A Villeneuve-sur-Lot, l'ex député-maire socialiste Jérôme Cahuzac fut longtemps célébré pour son aura politique et la manne financière qui l'accompagnait. A la veille de son procès pour fraude fiscale, son héritage se résume à la nostalgie d'une poignée et à un sentiment de trahison largement partagé.

"C'est vrai qu'il était aimé de la population", constate Guillaume Lepers, conseiller départemental des Républicains dans le Lot-et-Garonne. Mais aujourd'hui, dans la petite sous-préfecture de 25.000 habitants, "les gens ont le sentiment d'avoir été trahis. Ce n'est pas son compte caché en suisse qui a choqué les Villeneuvois, c’est le mensonge!", assure l'élu, déplorant le "rejet de la classe politique dans son ensemble" qui a suivi.

Même au sein du PS local, le souvenir laissé par cet homme politique déchu n'est pas rose.

Patrick Cassany, qui lui succède à la mairie en 2012 lorsqu'il devient ministre du Budget, ne souhaite plus en parler. Pour son directeur de cabinet, Yannick Lemarchand, ancien proche collaborateur de Jérôme Cahuzac, "il y a ceux qui lui sont reconnaissants pour ce qu’il a fait mais qui ne voteraient plus pour lui, ceux qui ne veulent plus en entendre parler, et un club très resserré de nostalgiques qui n'arrivent pas à faire le deuil".

Comme Alain Soubiran, son ancien adjoint aux Finances en rupture du Parti socialiste. "Certains de ses amis politiques d'hier lui ont lâchement tourné le dos alors qu'ils lui doivent une bonne partie de leur carrière", accuse-t-il, citant M. Cassany, le président du conseil départemental Pierre Camani, mais aussi le secrétaire d'Etat au Commerce extérieur, Matthias Fekl, député du Lot-et-Garonne et responsable local du PS au moment de "l'affaire Cahuzac".

Sous couvert d'anonymat, un responsable socialiste local décrypte: "Certains élus de gauche sont très contents de s'être débarrassés de Cahuzac. Tant qu'il était là, ils ne pouvaient exister que dans son ombre".

"Jérôme Cahuzac savait plaire, c'était un charmeur, il aimait aller à la rencontre des gens", confirme Jean-Guy Gillet, ancien entrepreneur marqué à droite mais très proche de l'ancien ministre, qu'il a hébergé durant ses démêlés judiciaires.

- Réserve parlementaire et système Cahuzac ? -

Et quand les sourires et l'entregent politique ne suffisaient pas, Jérôme Cahuzac savait puiser dans sa cagnotte de député (1997-2002 et 2007-2012) et de président de la commission des Finances de l'Assemblée (2010-2012).

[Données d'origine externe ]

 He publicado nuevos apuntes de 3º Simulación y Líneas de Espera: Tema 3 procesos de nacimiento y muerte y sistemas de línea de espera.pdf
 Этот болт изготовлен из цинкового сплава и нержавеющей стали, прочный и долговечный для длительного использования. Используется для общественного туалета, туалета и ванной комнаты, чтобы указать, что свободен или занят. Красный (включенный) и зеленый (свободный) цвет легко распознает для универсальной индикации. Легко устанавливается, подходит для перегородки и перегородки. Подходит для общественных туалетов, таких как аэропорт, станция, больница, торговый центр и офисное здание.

Ainsi, pour le "Jumping international de Villeneuve", "sur un budget de 350.000 euros, Jérôme Cahuzac nous donnait 75.000 euros issus de sa réserve parlementaire", explique Jean-Guy Gillet, organisateur de l'événement hippique auquel il a désormais renoncé.

De nombreuses associations et clubs sportifs villeneuvois, dont l'emblématique club de rugby à XIII placé en redressement judiciaire en septembre 2015, ont bénéficié de cette manne.

Un "système" Cahuzac?

"Il donnait beaucoup moins que ce qu'on pense aux clubs sportifs par le biais de sa réserve parlementaire, par contre il a fait venir des sponsors grâce à ses relations", assure Alain Soubiran.

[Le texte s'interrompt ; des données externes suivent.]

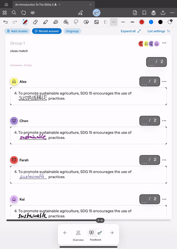 Goodnotes Classroom has a built-in AI grading assistant that can help you cluster your student answers in a way which allows you to give feedback faster and get insights on how well your students understand a topic. Open the Smart View “by Question” to find the Smart Cluster option at the top left. Here you can cluster your student answers according to how closely they match a provided model answer.
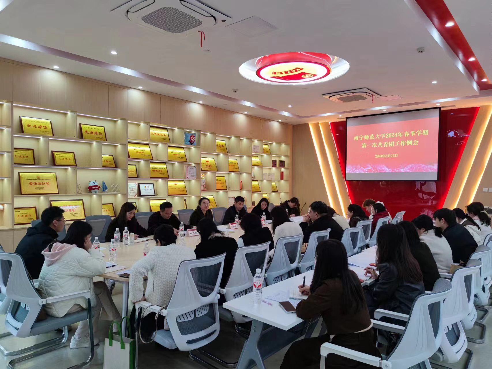 为推进新学期共青团工作有序开展,明确工作重点,提高工作效能,3月13日上午,我校在武鸣校区第二课堂体验中心召开2024年春季学期第一次共青团工作例会。校团委全体成员、各学院团委书记和分管团学工作的老师参加了本次会议,会议由校团委副书记何俊斌主持。
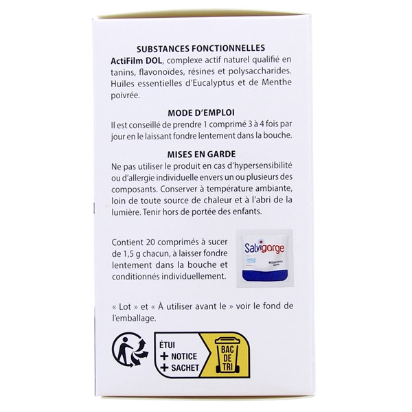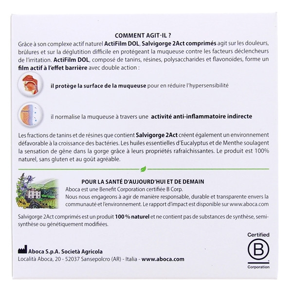 Grâce à son complexe moléculaire végétal ActiFilm DOL, Salvigorge 2Act agit sur les douleurs, brûlures et sur la déglutition difficile en protégeant la muqueuse contre les facteurs déclencheurs de l’irritation.
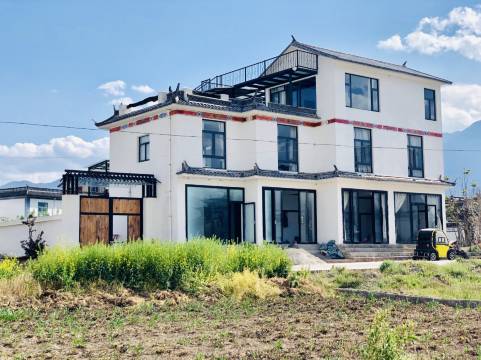 民宿就坐落在苍山洱海之间的白族人居住地龙龛村,外墙自绘的各种图腾图案,三层楼房有很多的空间格局,一层院子里除了小草坪水泥地还有一个宽敞明亮的玻璃钢架厨房,有着中西齐全的调料,专业的冰柜,这是房东提供给房客可以任意发挥厨艺的地方,一层室内除了有当地特色的中堂,还有一个很大的有着四面大玻璃门的空间,这里是客人用餐和活动的地方,咖啡机、超大餐桌,各种精致餐具让人在这个田园小院里惬意的享用早餐。
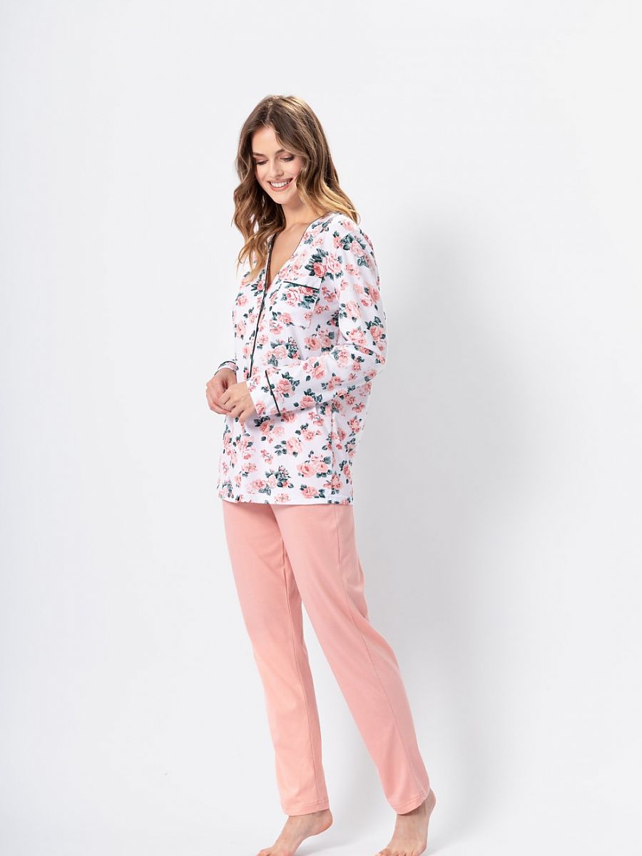 Unbuttoned women’s pajamas Dalia is a stylish and comfortable set that will delight even the most discriminating tastes. There is a contrast piping on the neckline, which is arranged in a delicate heart shape, adding originality and character. The blouse is buttoned and has long sleeves with a cuff, also decorated with a contrast piping. It is made of soft knit fabric in a floral pattern with a rose motif, giving it a romantic touch. The pants are long and peach-colored, forming a harmonious whole with the upper part of the pajamas. The whole set is made of 100% cotton, which ensures a feeling of comfort, softness and good air circulation. This unbuttoned pajama set is an ideal choice for those who appreciate both style and comfort. Enjoy the relaxation and pleasure of sleep in these lovely pajamas.

"Il avait compris l'intérêt pour la ville d'organiser une telle manifestation sportive", plaide de son côté Jean-Guy Gillet.

Faire fonctionner ces associations à coup de fonds parlementaires "ne serait plus possible aujourd'hui. Avec Jérôme Cahuzac, elles auraient les mêmes problèmes financiers", souligne le député Jean-Louis Costes (Les Républicains), citant la loi sur la transparence publique de 2013. Une loi qui oblige les députés à publier la liste de leurs bénéficiaires et plafonne les sommes dont ils disposent, adoptée dans la foulée de "l'affaire Cahuzac"...

L'héritage Cahuzac à Villeneuve-sur-Lot, ce sont aussi des dettes qui plombent la ville et la communauté d'agglomérations, touchées de plein fouet par la crise économique.

"Les banques ne voulaient plus prêter de l'argent à la ville pour financer les projets en cours initiés par Jérôme Cahuzac, le Pôle santé par exemple. Il a fallu se battre", raconte un proche de la majorité municipale.

Si certains dénoncent des projets démesurés, d'autres affirment au contraire que l'ancien député-maire a permis à Villeneuve-sur-Lot de rattraper son retard. "Jérôme Cahuzac avait une vision pour cette ville!", clame Alain Soubiran.